Tuesday, December 9, 2008

Tis This The Season to List?

Have you heard the news? Mortgage rates are falling and it is predicted that this trend will continue. Will we see the 4.5% mortgage rates as was predicted last week? May be we will. Either way, if you are contemplating listing your home, you should know that this is still very much a buyer’s market.

That being the fact, should you list your home if you don’t have to? Should you hold out until the market recovers? When will that be? Some experts are saying it could be years before we return to a healthy real estate market. Put your life on hold?

Let’s say you don’t want to wait. Now you have to ask if you should list your home in December.

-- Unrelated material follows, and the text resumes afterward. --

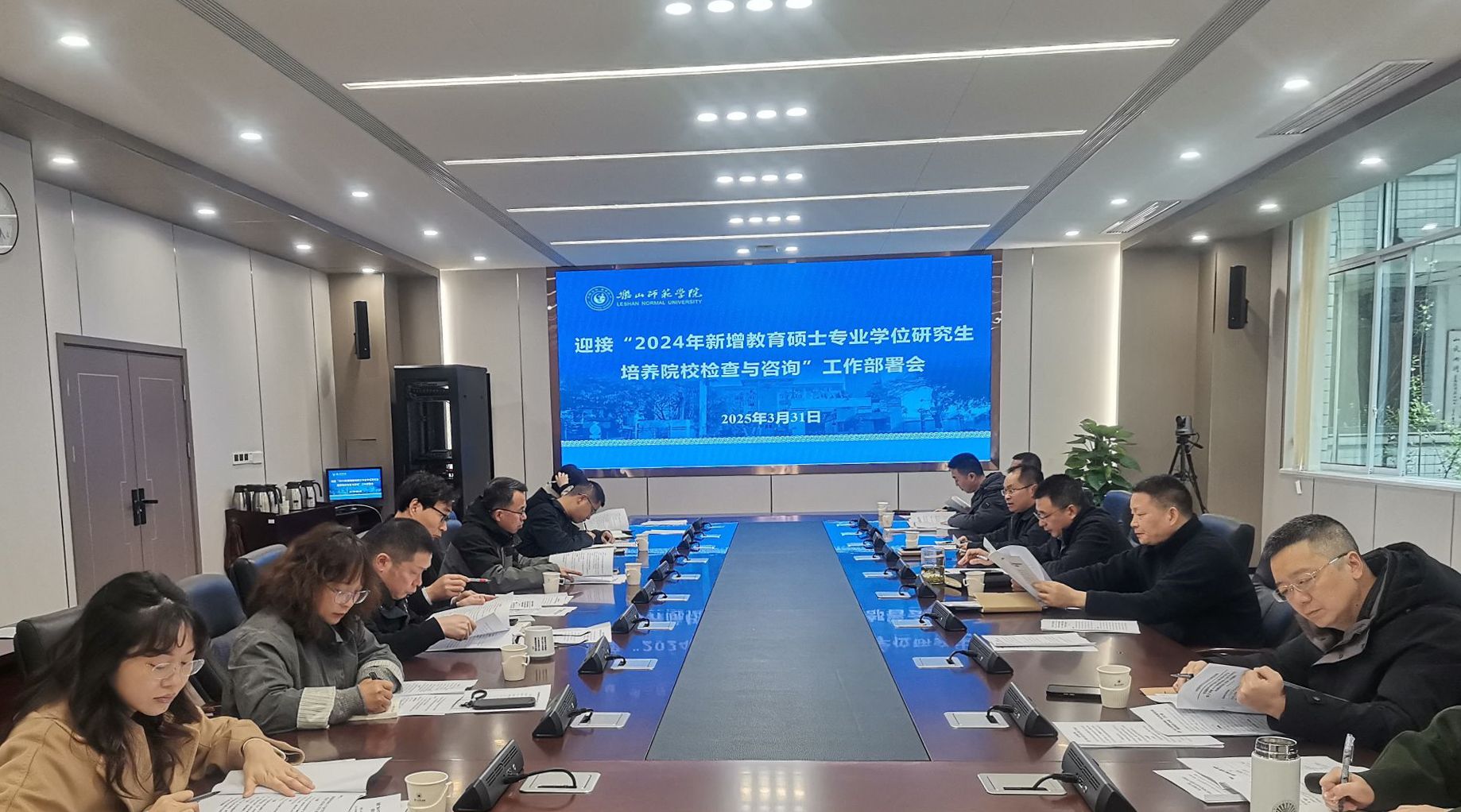 本网讯(文/杨文霞 图/李林)3月31日,学校在弘毅楼第二会议室召开迎接“2024年新增教育硕士专业学位研究生培养院校检查与咨询”工作专题会。会议由学校党委常委、副校长李方裕主持,党政办、研究生处、宣传部、人事部、信实处、后保部、计财处、教科学院、特教学院、文新学院、生科学院、材化学院负责人参会。

During the holiday season, real estate business traditionally slows down. Good to know, but this is not a traditional real estate market! So when a young Lakeview/Wrigleyville couple with a new baby called me this week asking me to give them pricing information on their town home, I thought long and hard.

A: Should we list during the holiday season? My first thought would be no. This is a slow time of the year. They may just build up market days. That usually hurts salability. If the home sits on the market, it won’t be “fresh” when the spring market kicks off. They could wind up loosing their pool of buyers who plan to start shopping after the holiday season. So, does that mean that it is better to wait until January and then reassess the market?

B: Mortgage rates are falling. Maybe the “ideal buyer” is out there waiting for low rates and this great town home. Buyers have been waiting. They’ve got money, good credit and they are ready. We should get this listing up right away!

C: Is that “ideal buyer” also going to wait for the holiday season to pass? I also wonder if that buyer will wait for rates to fall to 4.5%. So, I beg the question again, list now or wait?

Now, if we aren’t confused enough, we have to complicate matters. Every real estate professional knows that pricing a listing correctly is critical. We need to attract buyers and close the sale successfully. By that I mean getting my seller a price they can leverage in a timely manner. This particular little family would like to take advantage of declining prices in the suburbs. That opportunity exists right now! So we have to grab buyers now by correctly assessing the value of their three year old town home. And let’s face it--most home values have flattened or deflated, including theirs.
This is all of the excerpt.